=== EXERCISE DATA ===

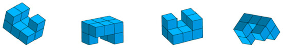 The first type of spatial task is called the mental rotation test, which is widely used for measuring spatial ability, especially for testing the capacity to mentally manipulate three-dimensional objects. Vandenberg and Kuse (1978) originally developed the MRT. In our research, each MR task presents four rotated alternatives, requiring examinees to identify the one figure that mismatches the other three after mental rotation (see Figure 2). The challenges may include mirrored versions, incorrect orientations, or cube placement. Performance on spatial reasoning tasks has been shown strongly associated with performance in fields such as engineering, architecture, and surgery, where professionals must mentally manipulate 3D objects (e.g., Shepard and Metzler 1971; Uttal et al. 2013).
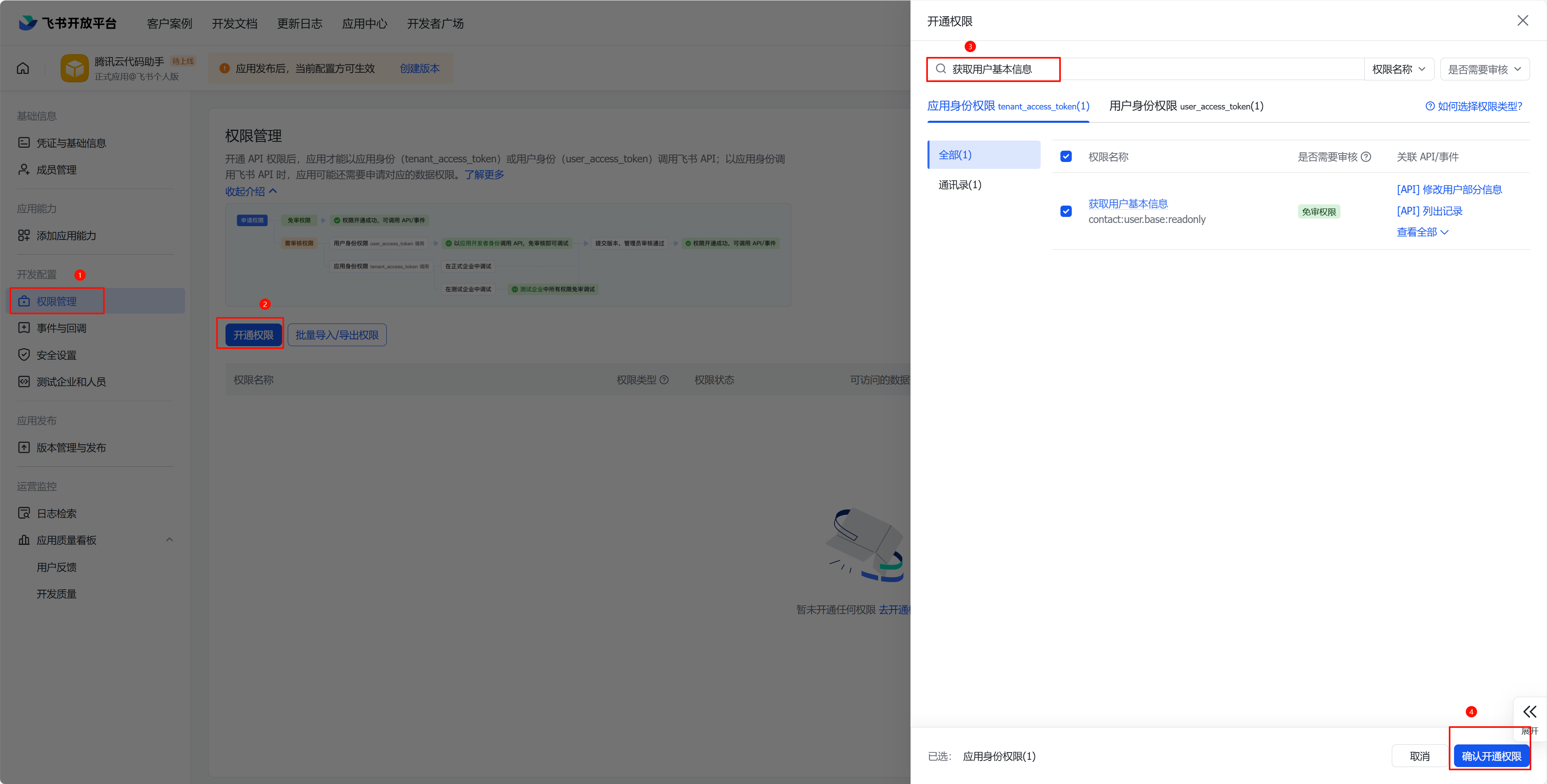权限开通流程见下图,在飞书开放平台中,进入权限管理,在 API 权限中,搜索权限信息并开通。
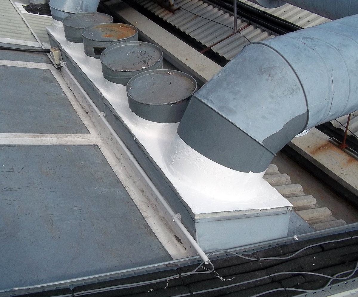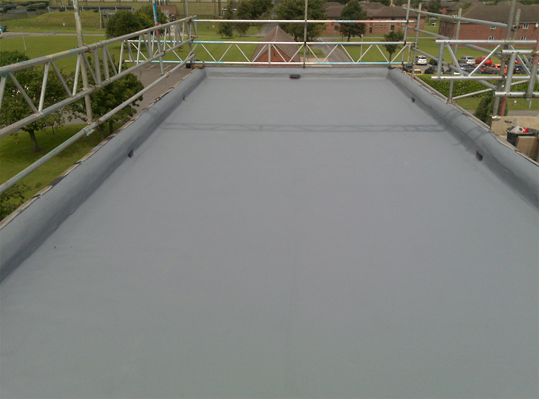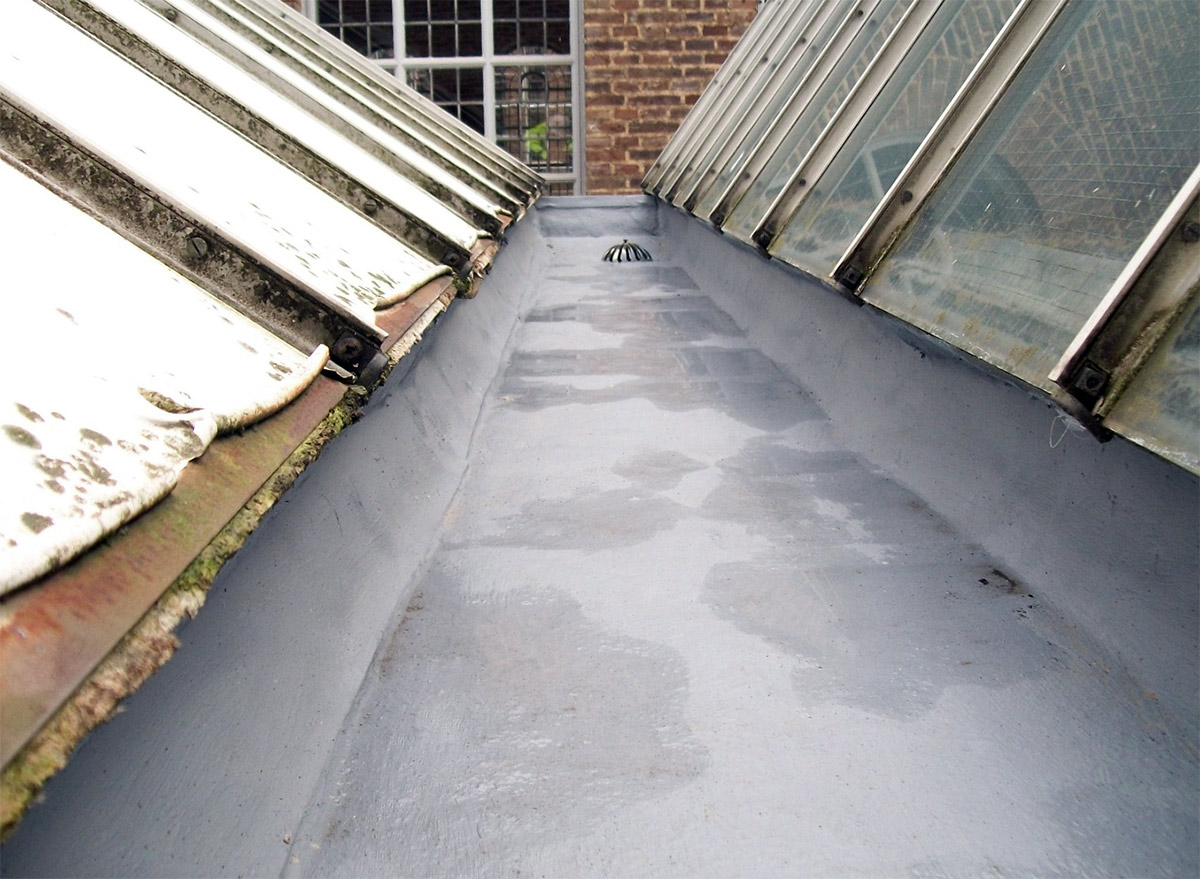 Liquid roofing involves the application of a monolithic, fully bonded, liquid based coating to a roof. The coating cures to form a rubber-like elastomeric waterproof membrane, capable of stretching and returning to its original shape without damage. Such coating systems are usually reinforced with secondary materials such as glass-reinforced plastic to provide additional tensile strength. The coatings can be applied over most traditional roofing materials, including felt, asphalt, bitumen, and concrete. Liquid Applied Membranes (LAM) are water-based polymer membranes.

===
=== EXERCISE DATA ===

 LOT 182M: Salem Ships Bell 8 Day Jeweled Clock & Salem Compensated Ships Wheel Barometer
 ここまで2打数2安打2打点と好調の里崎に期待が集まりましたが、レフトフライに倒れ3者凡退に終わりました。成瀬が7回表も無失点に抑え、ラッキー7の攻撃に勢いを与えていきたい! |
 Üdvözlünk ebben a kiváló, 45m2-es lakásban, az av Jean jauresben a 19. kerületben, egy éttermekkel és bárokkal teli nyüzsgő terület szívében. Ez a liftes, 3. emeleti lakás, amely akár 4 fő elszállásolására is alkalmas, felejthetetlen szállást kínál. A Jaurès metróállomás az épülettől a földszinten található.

===
=== EXERCISE DATA ===

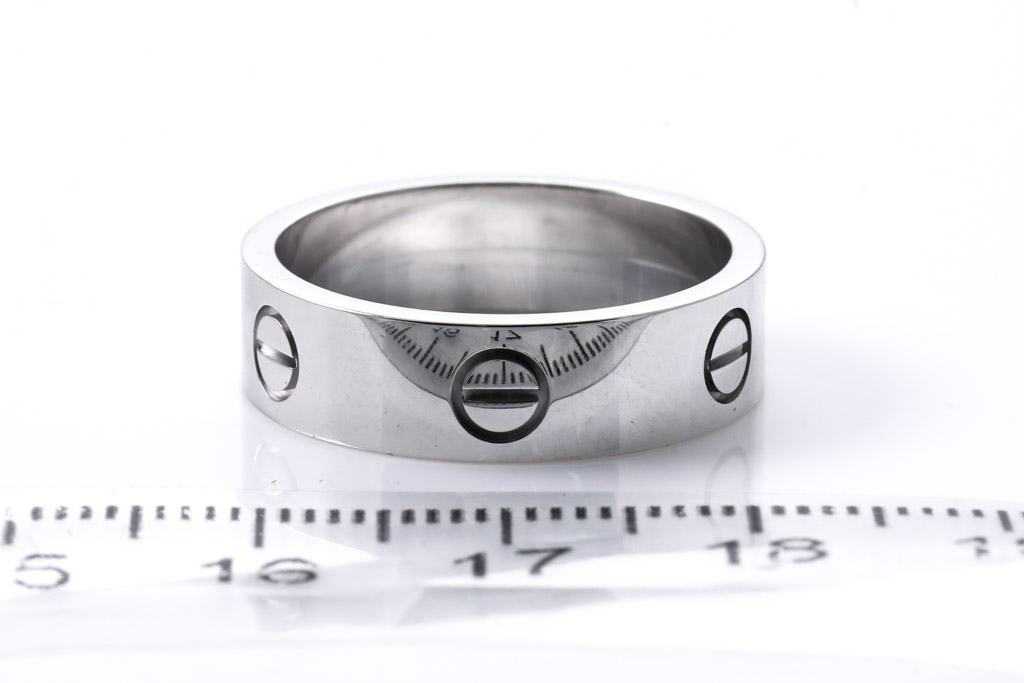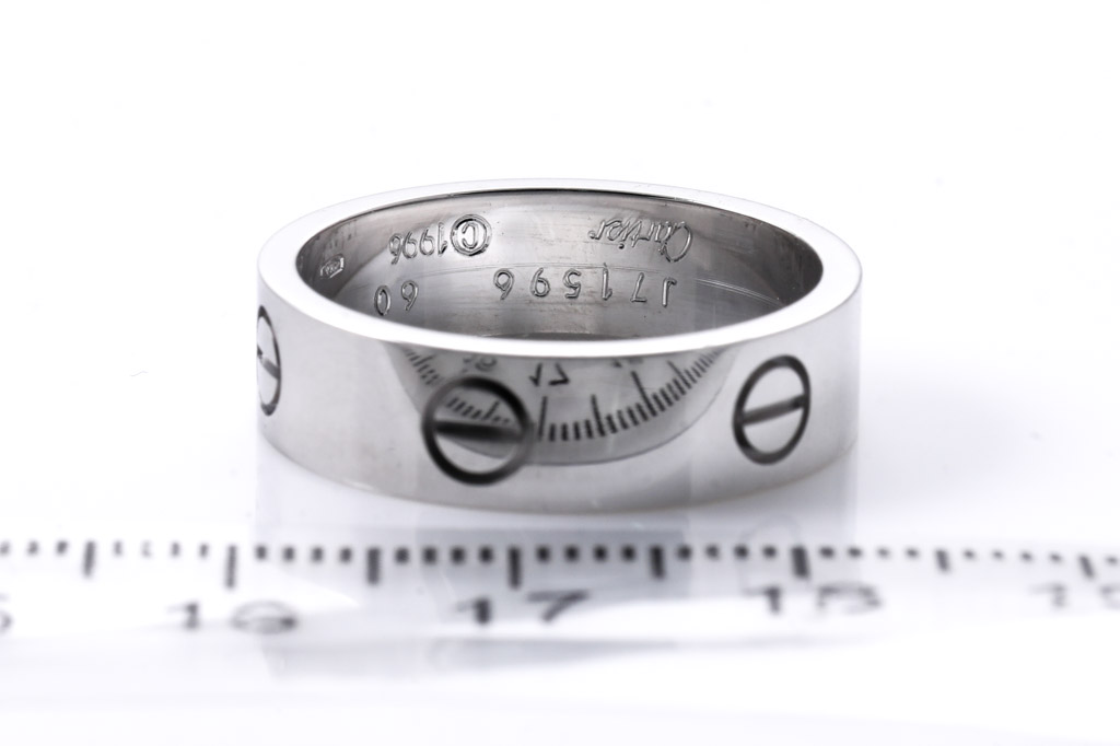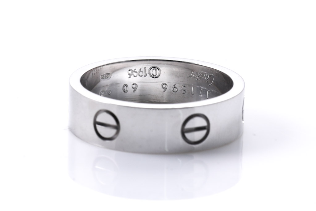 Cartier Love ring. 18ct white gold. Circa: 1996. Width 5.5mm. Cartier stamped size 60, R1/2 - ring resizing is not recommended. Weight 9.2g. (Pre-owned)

===

## ASSIGNED TASK
Take the material above and output only the lines from the one that contains "The first type" through the one that contains "权限开通流程见下图,在飞书开放平台中,进入权限管理,在 API 权限中,搜索权限信息并开通。", ends included and images left out.

## FINISHED EXERCISE
 The first type of spatial task is called the mental rotation test, which is widely used for measuring spatial ability, especially for testing the capacity to mentally manipulate three-dimensional objects. Vandenberg and Kuse (1978) originally developed the MRT. In our research, each MR task presents four rotated alternatives, requiring examinees to identify the one figure that mismatches the other three after mental rotation (see Figure 2). The challenges may include mirrored versions, incorrect orientations, or cube placement. Performance on spatial reasoning tasks has been shown strongly associated with performance in fields such as engineering, architecture, and surgery, where professionals must mentally manipulate 3D objects (e.g., Shepard and Metzler 1971; Uttal et al. 2013).
权限开通流程见下图,在飞书开放平台中,进入权限管理,在 API 权限中,搜索权限信息并开通。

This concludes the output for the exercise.